What far-reaching effects would there be if businesses’ employees were reaching peak performance through creative processes instead of through hierarchal structures stifling self-accountability? The businesses themselves could adjust faster to changes in their industry, avoiding the death stroke of failing to keeping up since society changes faster than they do. The people within the business would lead, not just in their careers, but at home and in their communities. They would have the confidence to assess themselves rather than waiting for feedback from someone else, which sometimes never comes. People would work together with less conflict and make more progress. Morale would be higher. Passion for improvement would stay at the forefront of people’s agenda because passion is fun. More people would like each other, plain and simple.

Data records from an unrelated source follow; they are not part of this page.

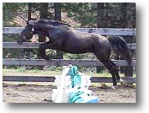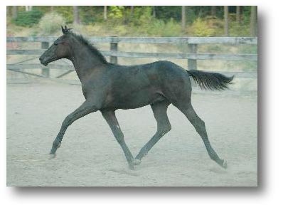 2002 black filly with a star and two hinds socks by Private Dancer (Pik Solo) Hanoverian out of Irina Swedish Warmblood mare (Eros), Both dressage and jumping lines. Stunning, leggy and already doing tempe changes! Currently standing 15.2 will mature 16.1-16.2 -- great mover. Will be started on lunge this spring. |
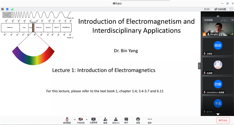 Yang博士的授课在腾讯视频会议软件上进行,授课进行了2周,每周的周一到周五的下午5:00到8:00(附加2个小时在线仿真实验讲解)在线授课。他的讲课联系电磁基本知识和前沿科学研究相结合,共分为5大部分内容:1)通过电磁波和频谱基础理论,讲解不同频段频谱的生活应用;2)通过讲解电磁波在介质中的传播理论,讲解使用电磁波来研究物质特性的工具(包括XRD,
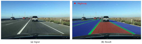 Starting with the AlexNet [15], most of the image classification tasks utilize deep learning. The residual network [16] allows the training of very deep networks without exploding or vanishing gradient problems through skip connection. In the sense of scene classification, deep neural networks that can effectively process an entire input image at a fast speed are widely used [17,18]. In this paper, we classify road types to share the global representation with drivable area estimation and lane line segmentation.
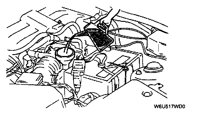 5. Add the specified type of ATF through the oil filler tube, until ATF level reaches lower notch of dipstick.
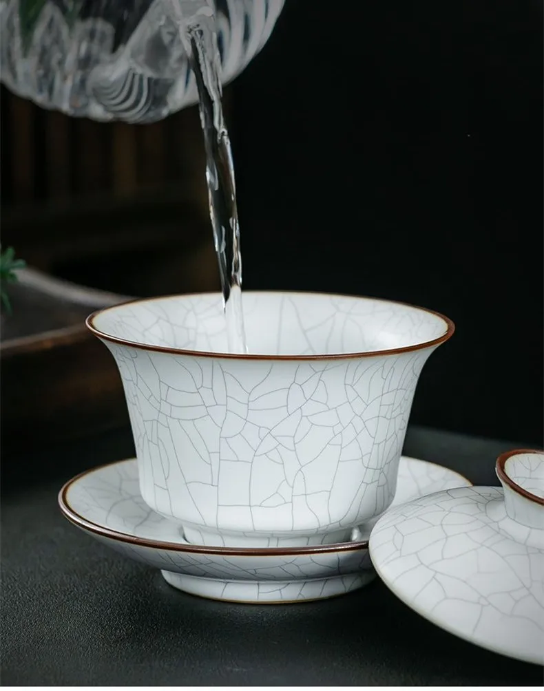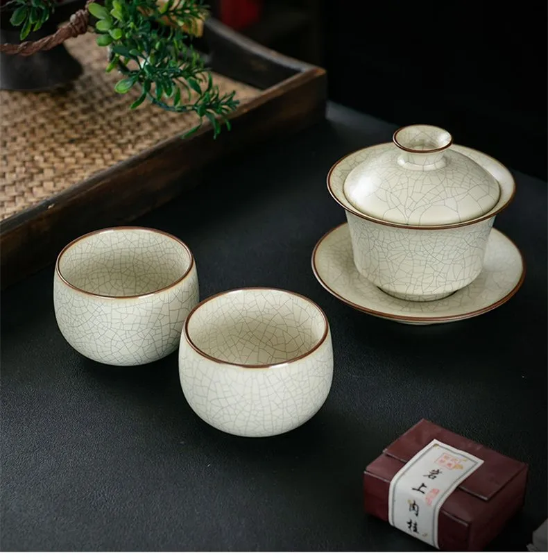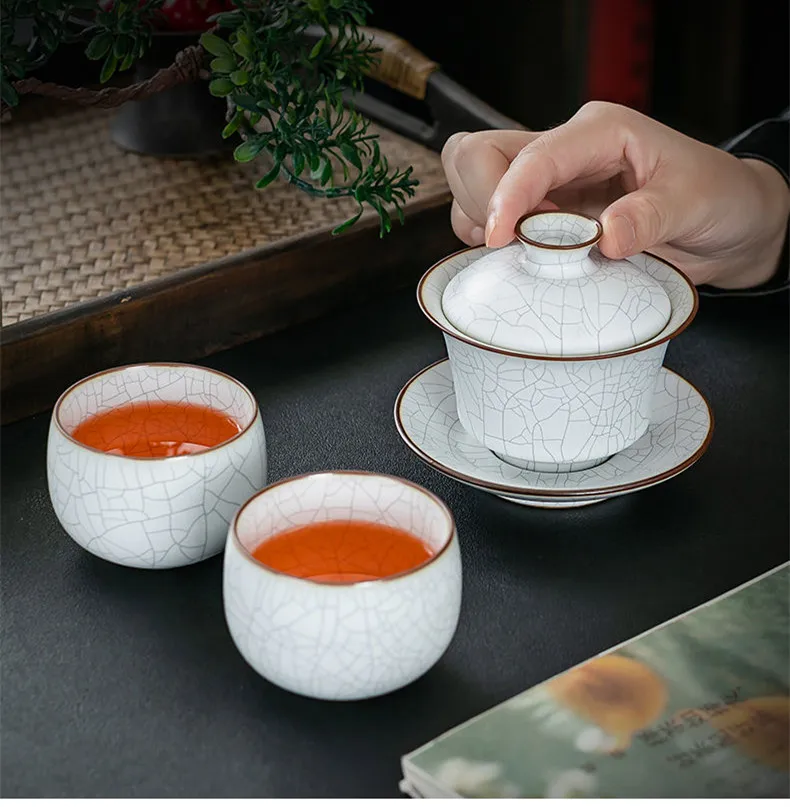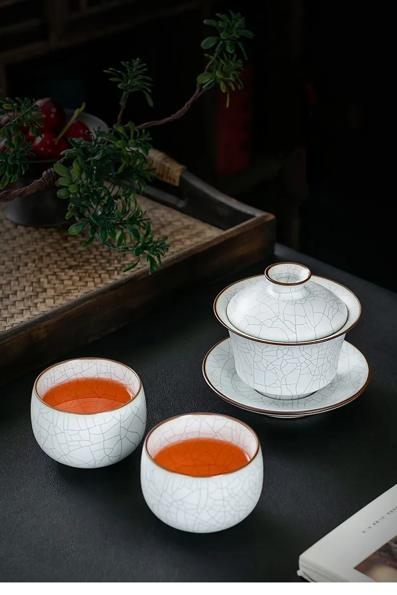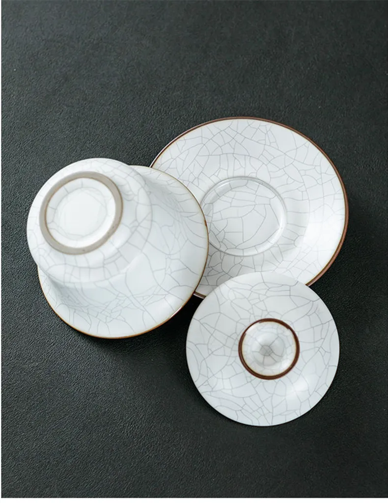 Ru Kiln Sancai Cover Bowl, Single High-end Kungfu Tea Set, Ice Cracked, Large Household Tea Bowl, Non Hot Tea Cup
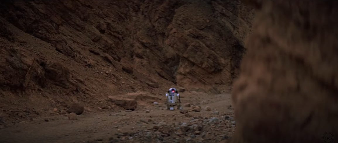 It did not stop there as R2-D2 is stalked in a canyon on Tatooine by the Jawas. There’s also a horror vibe when Luke retrieves R2-D2 after he has run into the desert to look for Obi-Wan Kenobi. Luke discovers there are Sand People in the area and attempts to locate them only to be ambushed by one of them. It would require Kenobi’s intervention to save him.

Now it’s up to you. Will you consider taking an active part in the no cost solution of building strong and smart leaders by reinventing the process of performance reviews? Do you think considering all the ways a business can grow itself and its community is a worthy task? Do you think it’s possible that businesses could be one of the best avenues for growing strong communities?

If this were a top-down performance review, I’d assess all these ideas for you. Since it’s not, I’ll leave these questions up to you, a leader in one of the most important and flexible industries in the world. I encourage you to form your own opinions. I even encourage you to take actions on some of your bright ideas and don’t worry about the mistakes — there’s nothing you can’t fix.


Leslie Brown, CLFP, is the owner of Mak Global Corporation and an 18-year equipment finance professional. She has served as an elected member of the CLFP Foundation board for two years. She is also an active member of the AACFB and has served as a staff writer for the official publication of the AACFB. Brown has become equipment vendors’ “go-to” finance professional while consistently maintaining and growing a strong book of referral business with vendors and borrowers.